Myanmar: Natural resources, growth potential drawing attention
The Republic of the Union of Myanmar is a multi-ethnic country made up of more than 130 nationalities, with fertile land facing the Bay of Bengal, as well as the Andaman Sea. It is an agro-based nation, with over half of its workforce engaged in agriculture. Its domestic economic activities have been dormant due to a closed socialist economic policy since 1962.
The 2015 general election saw the first civilian leader in more than 50 years, giving more impetus to further economic development.
Philippines: Island nation attracts tourists with dynamic natural beauty
The Philippines is an archipelagic state that is made up of more than 7,000 islands. With a population that is approximately 90 percent Christian, it is the only predominantly Christian country in ASEAN. A blend of its own native lifestyle together with those of the U.S. and Europe has produced today's unique Philippine culture.
Tourists can enjoy exciting trips to the energetic capital Manila, as well as inhabited islands that provide exclusive access to blue water, white beaches and verdant tropical rain forests.
Singapore: Culturally diverse country continues to lead ASEAN economy
Singapore, with its beautiful landscape and rich nature, is a city-state facing the Johor Strait at the south end of the Malay Peninsula. Deriving its cultural aspects mainly from China, Malaysia, India and Europe, Singapore's culture is a harmonious blend of diversified Oriental and Occidental cultures, languages and religions.
The country has accomplished miraculous growth through development of its electronics industry. Today, Singapore is the center of finance and trade.
Thailand: Longstanding cultural traditions preserved alongside lush nature
Having never been subject to foreign colonial rule, Thailand has evolved through history with its original culture intact.
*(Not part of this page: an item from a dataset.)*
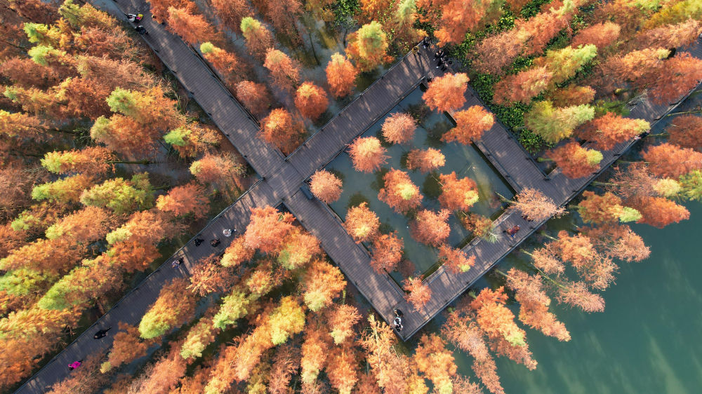 2022年11月26日,游客在贵州省遵义市播州区播州湿地公园的水杉林中游玩。新华社发(李仁军摄)

Most of its population is Buddhist, and Buddhism, ethnicity and monarchy fulfill important functions as the three main pillars supporting the nation.
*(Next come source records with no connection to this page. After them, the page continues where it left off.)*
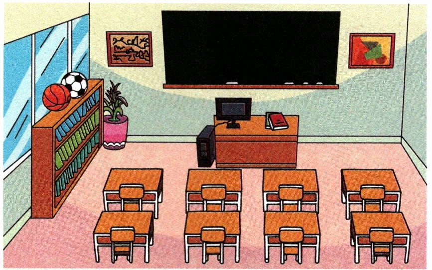 五、安迪正在带他的朋友参观教室。请你根据教室图补全他们的对话。
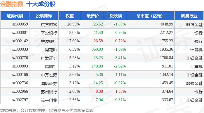 证券之星消息,10月13日,金融指数(399240)报收于1686.41点,跌1.1%,成交425.56亿元,换手率1.54%。当日该指数成份股中,上涨的有8家,华林证券以4.69%的涨幅领涨,下跌的有26家,广发证券以3.41%的跌幅领跌。
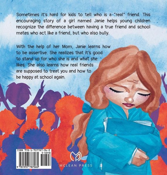 Sometimes it's hard for kids to tell who is a "real" friend. This encouraging story of a girl named Janie helps young children recognize the difference between having a true friend and school mates who act like a friend, but who also bully. With the help of her Mom, Janie learns how to be assertive. She realizes that it's good to stand up for who she is and what she likes. She also learns how real friends are supposed to treat you and how to be happy at school again.
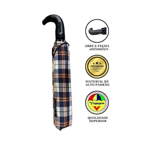 Descrição: Armação e varetas de ferro galvanizado, 08 varetas, varão sextavado galvanizado e cabo curvo com acionador automática, tecido Pongee liso preto e/ou xadrez, peso 610 gramas.
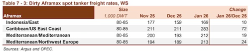 清洁即期运费表现强劲,以中东地区的出口为主导。苏伊士以东地区的运费平均环比上涨9%,而苏伊士以西地区的运费环比上涨2%。与前一年相比,苏伊士以东地区运费上涨40%,而苏伊士以西地区运费上涨18%。中东至东行航线的运费上涨17%,平均为WS204。与2025年1月相比,运费高出40%。

Thailand has successfully industrialized as a result of attracting foreign capital from Japan and other countries since the 1980s. Additionally, Thailand offers a wide variety of tourist attractions, including Bangkok, and historical places registered as World Heritage sites and beautiful beach resorts.
Vietnam: Fiscal growth, market economy, liberalization key for change
Vietnam is a multiethnic country comprised of about 55 minority groups. The country was unified in 1976 after the end of the Vietnam War the previous year.
In 1986, the government adopted the market economy system and is moving forward with "Doi Moi," which is a renovation policy aiming to liberalize trade and investment with foreign countries. With a high growth rate brought by this policy, the country has been achieving exceptional economic growth.
Vietnam has many tourist sites such as Hue, Hoi An and Ha Long Bay.